▸ **HOW TO COMPLETE THIS TASK**
Using the entries that follow, write out the line containing "Figure 8. VDFavg", the line containing "Boho Reversible Floral", and every line between them, exactly and nothing else.

____ DATA FOR THIS EXERCISE

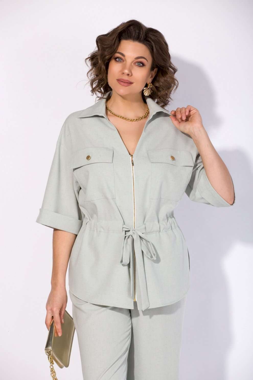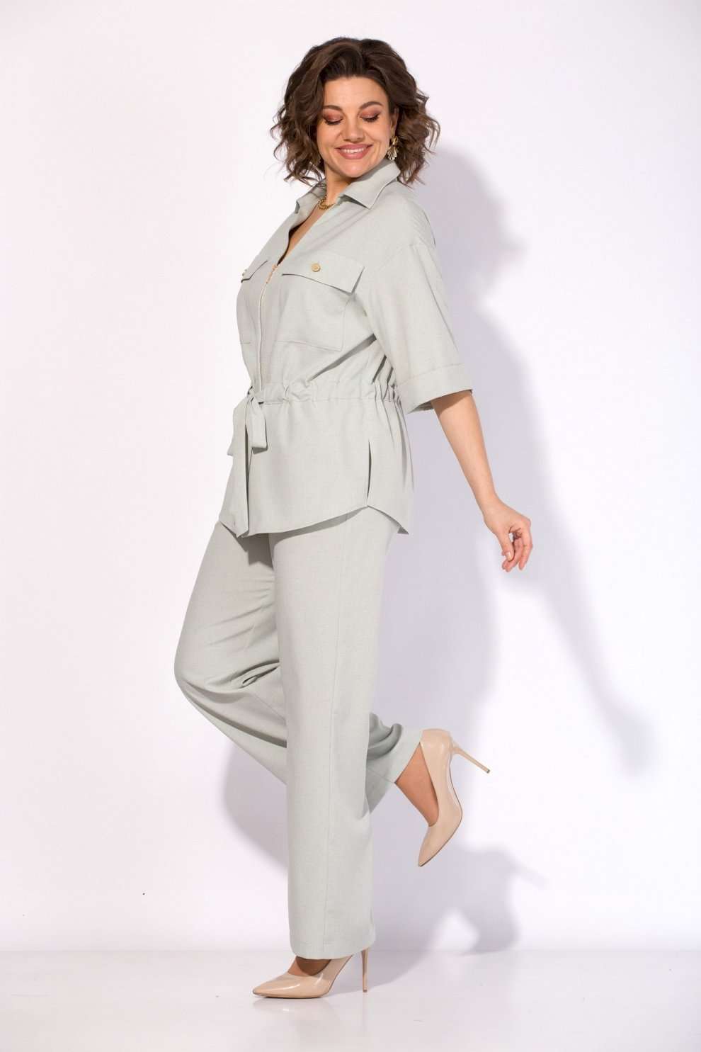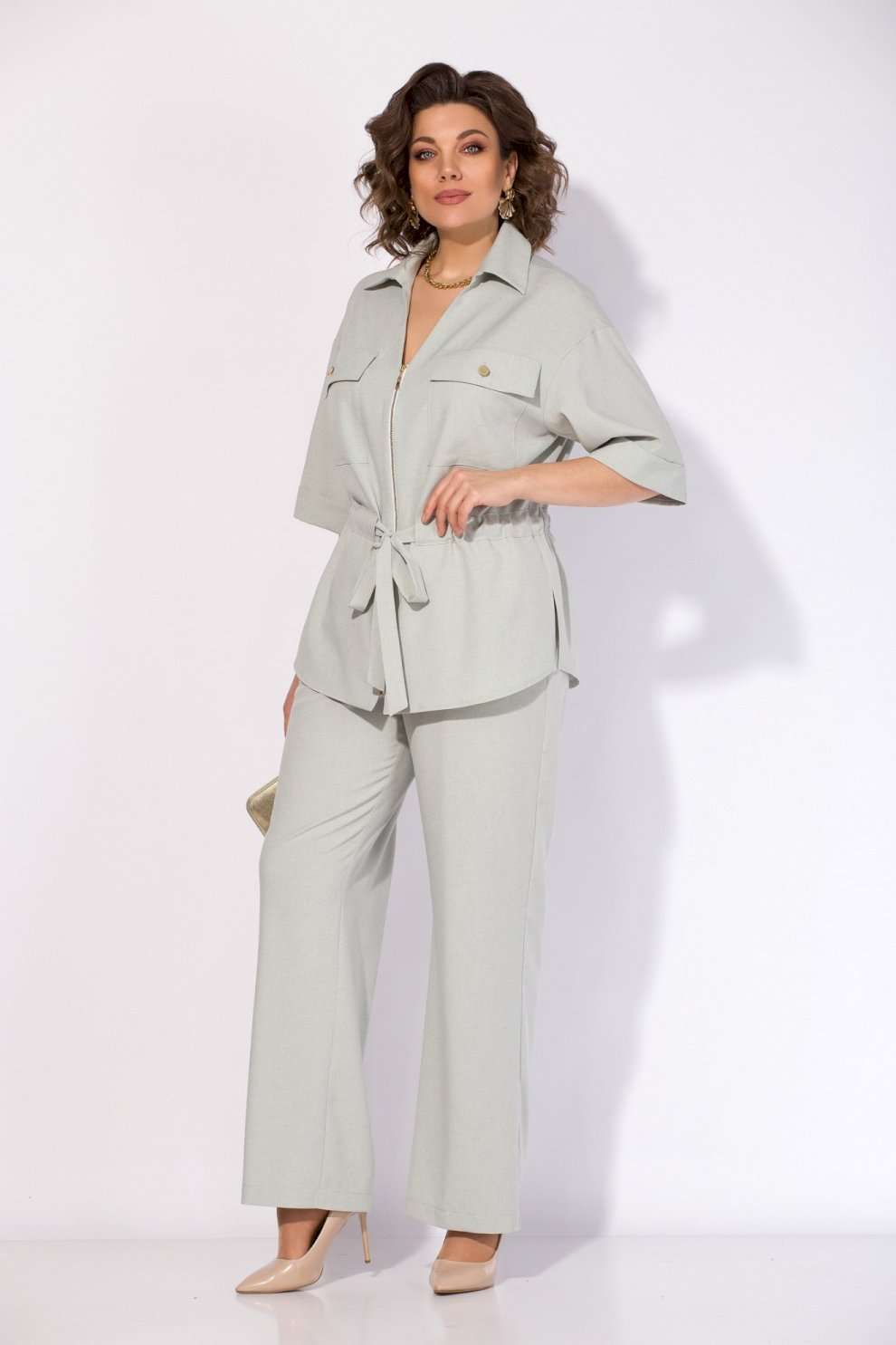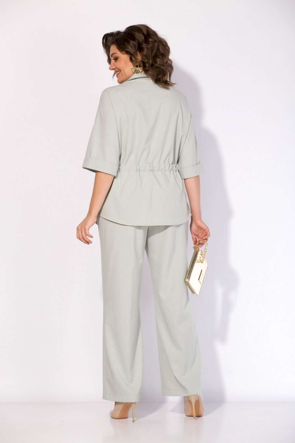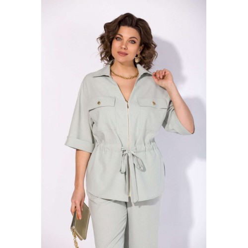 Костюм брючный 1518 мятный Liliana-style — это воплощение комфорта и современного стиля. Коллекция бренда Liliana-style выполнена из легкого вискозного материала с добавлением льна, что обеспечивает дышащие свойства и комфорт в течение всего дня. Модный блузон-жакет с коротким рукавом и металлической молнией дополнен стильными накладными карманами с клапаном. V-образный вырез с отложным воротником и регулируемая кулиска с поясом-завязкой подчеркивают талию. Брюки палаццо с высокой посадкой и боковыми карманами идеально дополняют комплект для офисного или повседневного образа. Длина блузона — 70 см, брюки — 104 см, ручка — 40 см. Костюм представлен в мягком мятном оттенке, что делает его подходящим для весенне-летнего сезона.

________
____ DATA FOR THIS EXERCISE

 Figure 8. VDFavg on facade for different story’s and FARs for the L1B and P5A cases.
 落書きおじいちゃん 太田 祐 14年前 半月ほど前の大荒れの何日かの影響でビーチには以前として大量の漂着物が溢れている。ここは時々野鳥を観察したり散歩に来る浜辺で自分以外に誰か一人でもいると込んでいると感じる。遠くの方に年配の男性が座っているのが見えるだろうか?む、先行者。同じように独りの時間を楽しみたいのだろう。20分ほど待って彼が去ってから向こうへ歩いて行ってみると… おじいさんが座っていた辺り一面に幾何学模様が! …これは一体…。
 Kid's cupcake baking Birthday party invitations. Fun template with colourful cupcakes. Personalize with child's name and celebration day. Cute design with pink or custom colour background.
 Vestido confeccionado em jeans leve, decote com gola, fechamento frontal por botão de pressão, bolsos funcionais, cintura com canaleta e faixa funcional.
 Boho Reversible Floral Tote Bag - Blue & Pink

________

▸ **SOLUTION**
 Figure 8. VDFavg on facade for different story’s and FARs for the L1B and P5A cases.
 落書きおじいちゃん 太田 祐 14年前 半月ほど前の大荒れの何日かの影響でビーチには以前として大量の漂着物が溢れている。ここは時々野鳥を観察したり散歩に来る浜辺で自分以外に誰か一人でもいると込んでいると感じる。遠くの方に年配の男性が座っているのが見えるだろうか?む、先行者。同じように独りの時間を楽しみたいのだろう。20分ほど待って彼が去ってから向こうへ歩いて行ってみると… おじいさんが座っていた辺り一面に幾何学模様が! …これは一体…。
 Kid's cupcake baking Birthday party invitations. Fun template with colourful cupcakes. Personalize with child's name and celebration day. Cute design with pink or custom colour background.
 Vestido confeccionado em jeans leve, decote com gola, fechamento frontal por botão de pressão, bolsos funcionais, cintura com canaleta e faixa funcional.
 Boho Reversible Floral Tote Bag - Blue & Pink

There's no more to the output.